Note, the built-in types in (3) above can be saved/loaded this way simply because they support this interface.

behind the scenes:

  • for each item, we write to basename.meta:
  • if its a Parameters/ParameterCollection:
    its type and full name.
  • if its a builder:
    its class, its spec, the full name of its parameters collection.
  • the associated parameters/sub-collection is then saved to .data

Example of a user-defined saveable type:

# Example of a user-defined saveable type.
class OneLayerMLP(object):
  def __init__(self, model, num_input, num_hidden, num_out, act=dy.tanh):
    pc =  model.add_subcollection()
    self.W1 = pc.add_parameters((num_hidden, num_input))
    self.W2 = pc.add_parameters((num_out, num_hidden))
    self.b1 = pc.add_parameters((num_hidden))
    self.b2 = pc.add_parameters((num_out))
    self.pc = pc
    self.act = act
    self.spec = (num_input, num_hidden, num_out, act)

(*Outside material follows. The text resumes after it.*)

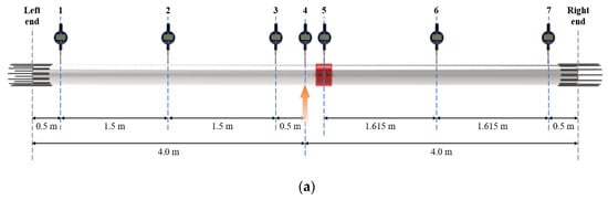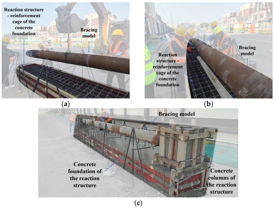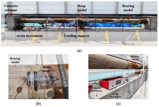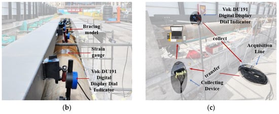 The displacements of the bracing were measured using the CVok-DU191 digital display dial gauges and their supporting instrument (Xiwaka Precision Measuring Instrument Co., Ltd., Dongguan, China), having a range of 100 mm and accuracy of 0.01 mm. A total of 7 monitoring sections were arranged on the bracing, and the positions of the sections are shown in Figure 14a. The layout of the experimental model and the general arrangement of the displacement measurements are shown in Figure 14b,c.

  def __call__(self, input_exp):
    W1 = dy.parameter(self.W1)
    W2 = dy.parameter(self.W2)
    b1 = dy.parameter(self.b1)
    b2 = dy.parameter(self.b2)
    g = self.act
    return dy.softmax(W2*g(W1*input_exp + b1)+b2)

  # support saving:
  def param_collection(self): return self.pc

  @staticmethod
  def from_spec(spec, model):
    num_input, num_hidden, num_out, act = spec
    return OneLayerMLP(model, num_input, num_hidden, num_out, act)

And for the usage:

import dynet as dy
m = dy.ParameterCollection()
# create an embedding table.
E = m.add_lookup_parameters((1000,10))
# create an MLP from 10 to 4 with a hidden layer of 20.
mlp = OneLayerMLP(m, 10, 20, 4, dy.rectify)

# use them together.
output = mlp(E[3])

# now save the model:
dy.save("basename",[mlp, E])

# now load:
m2 = dy.ParameterCollection()
mlp2, E2 = dy.load("basename", m2)

output2 = mlp2(E2[3])

import numpy
assert(numpy.array_equal(output2.npvalue(), output.npvalue()))

File format

Currently, DyNet only supports plain text format. The native format is quite simple so very readable. The model file is consist of basic storage blocks. A basic block starts with a first line of meta data information: #object_type# object_name dimension block_size and the remaining part of real data. During loading process, DyNet uses meta data lines to locate the objects user wants to load.

In the pythonic high-level partial saving/loading API, the .data file adheres to the format above, while the .meta file conains information on objects types and sizes (for the specifics of the .meta file format see code of _save_one and _load_one in _dynet.pyx).